= Guillaume Bonnet =

Archdeacon of Passais

Guillaume Bonnet (died 3 or 12 April 1312) was the archdeacon of Passais in the fourteenth century.

== Biography ==
Guillaume Bonnet, the son of Bertrand Bonnet, lord of Beuville and La Chapelle, was raised in the diocese of Angers and became archdeacon of Passais and Bishop of Bayeux.

Pope Clement V who, by a papal bull of 1305, reserved the faculty to provide to the church of Bayeux in case of vacancy, in 1306 named Guillaume Bonnet, previously treasurer of the church of Angers to govern that church. Philip the Fair sent Guillaume Bonnet to Hainault with Robert VI, Count of Auvergne and Count of Boulogne, in 1307, in order to compel William, Count of Flanders, to pay him homage for his fief of Ostrevant which belonged to the crown of France.

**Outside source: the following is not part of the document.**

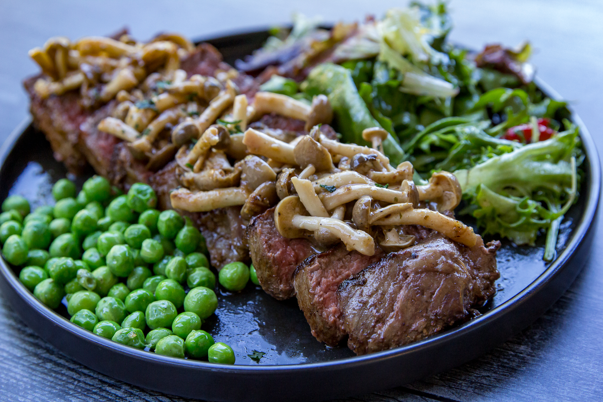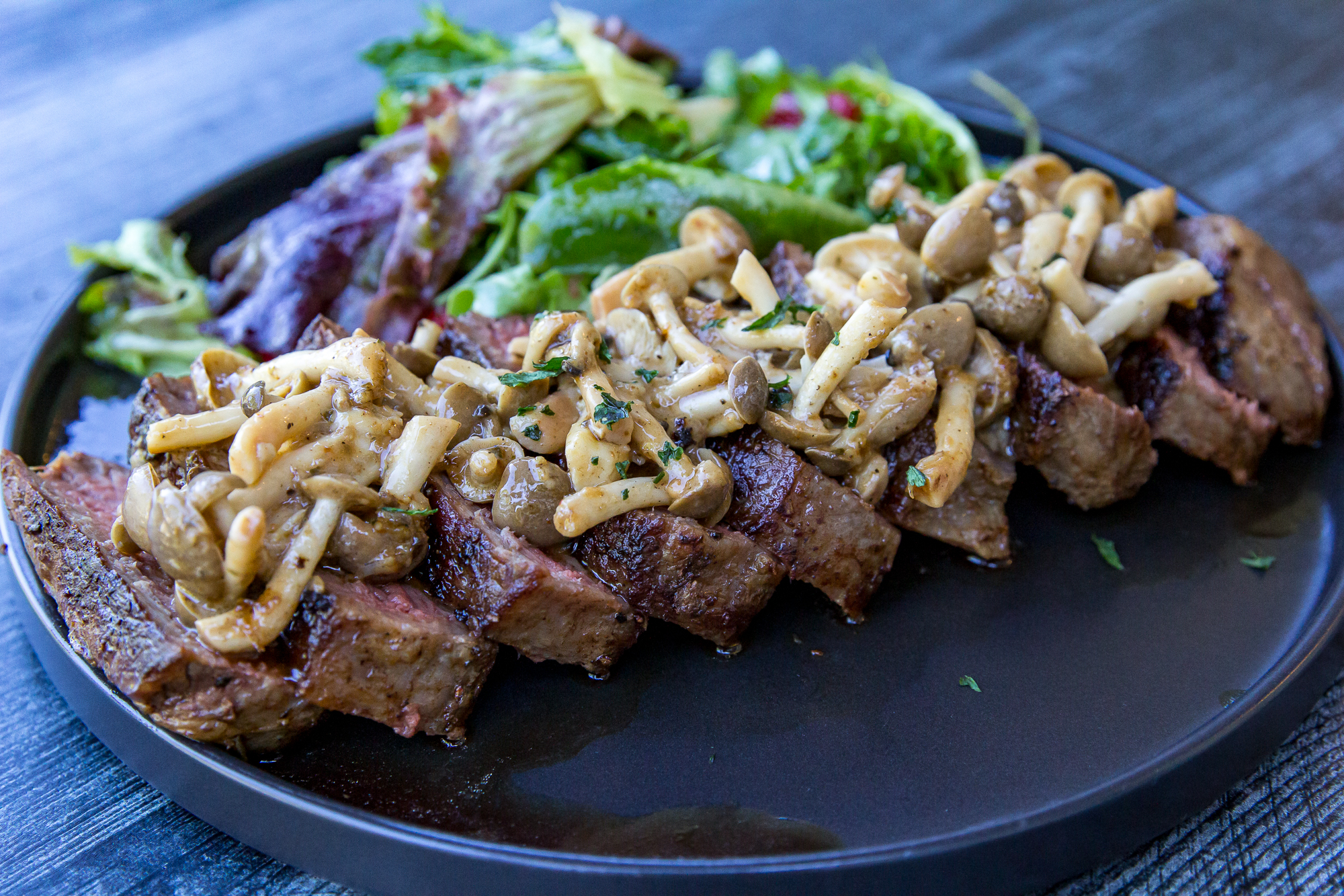 Blackstone Marinated Mushrooms are one of the easiest side dishes you can make, and they are so fresh, bright, and earthy! We served these on top of a ribeye, but they would be equally as good on their own, in an omelet, or mixed into some pasta.

Clement V appointed him one of the bishops charged with examining the cause of the Knights Templar.

In 1308, he gave a house that he owned in rue de la Harpe in Paris, and some pieces of land in the village of Gentilly, for the foundation of a college which took the name of College of Bayeux, intended for young people of his diocese and the dioceses of Mans and Angers.